Stop the anxiety of strict deadlines and avail hassle-free Cost and Revenue Assignment Help service to score top grades at low prices.
tutorsglobe.com equation of exchange assignment help-homework help by online monetary policy tutors
tutorsglobe.com types of heavy chain assignment help-homework help by online structure and characteristics of antibodies tutors
tutorsglobe.com need for categorization assignment help-homework help by online systematics tutors
tutorsglobe.com phenols assignment help-homework help by online control of microorganisms tutors
tutorsglobe.com androecium assignment help-homework help by online position of flower tutors
Interferometry tutorial all along with the key concepts of Michelson Interferometer, Fringe Shapes, Circular fringes, Straight fringes, Curved fringes and Fabry-Perot Interferometer
efficiency of algorithm depends on design and implementation of algorithm. algorithm uses computer resources to complete its task. an efficient algorithm is judged by the factor as to how economically and efficiently the cpu time and memory are used.
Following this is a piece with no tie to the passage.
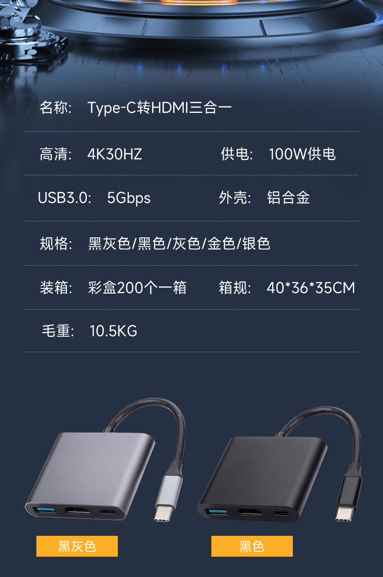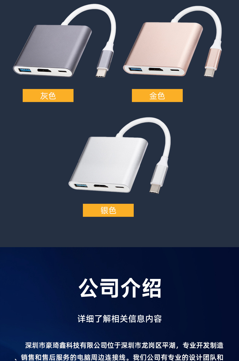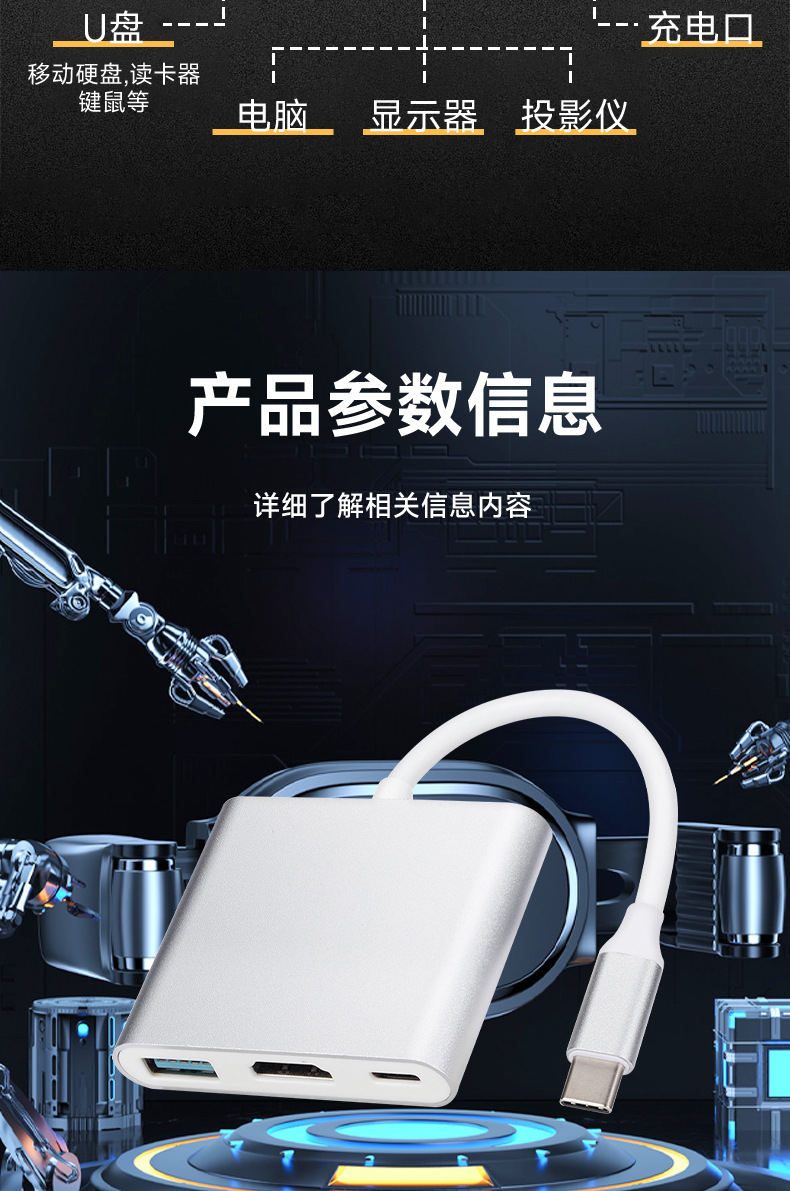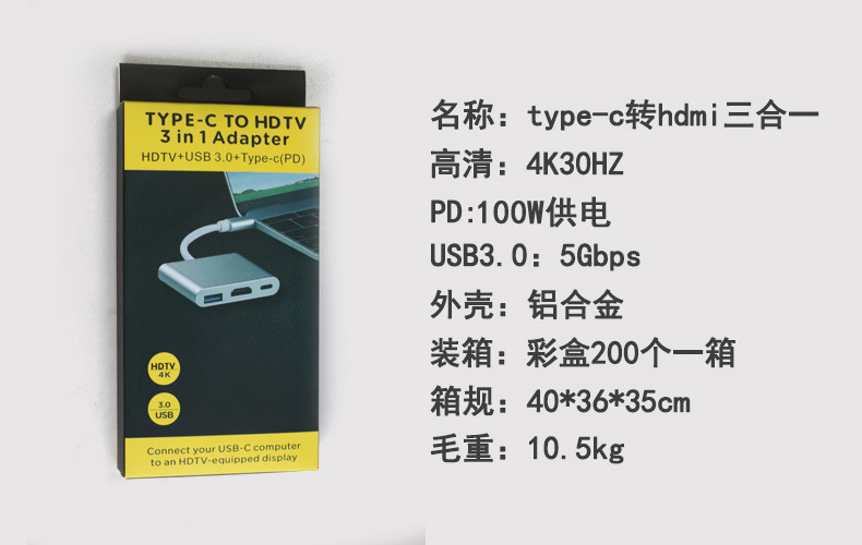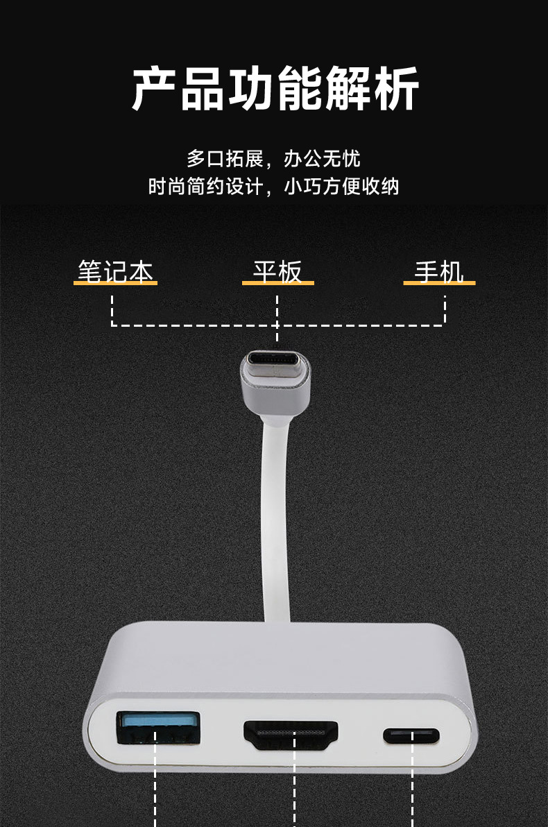 USB 3.1 Type-C转HDMI / USB 3.0 / USB-C多端口适配器

www.tutorsglobe.com offers Gantt Task and Bonus System homework help, assignment help, case study, writing homework help, online tutoring assistance by accounting tutors.
Animals Displaying Homosexual Behavior tutorial all along with the key concepts of Courtship, Parenthood, Courtship in the Animals Kingdom, Illustrations of courtship behavior in animal kingdom and Models of Parenting
One way in which long-term performance can be rewarded is through the granting of directors’ share options. This sort of reward though has provoked considerable controversy.
Biology of Major Economically Important Insects tutorial all along with the key concepts of Economic Classification of Insects, Injurious Insects, Beneficial Insects, Helpful Insects, Household and Disease Carrying Insects, Biology of a Honey Bee and Life cycle of a Honey Bee
First and Second Order Reactions tutorial all along with the key concepts of method of calculating First order rate constant, Half-Life of First Order Reactions, Rate Laws for Second Order Reactions and Half-Life of a Second Order Reaction
tutorsglobe.com arrangement of flagella assignment help-homework help by online algae tutors
1963331
Questions Asked
3689
Tutors
1489754
Questions Answered
Start Excelling in your courses, Ask an Expert and get answers for your homework and assignments!!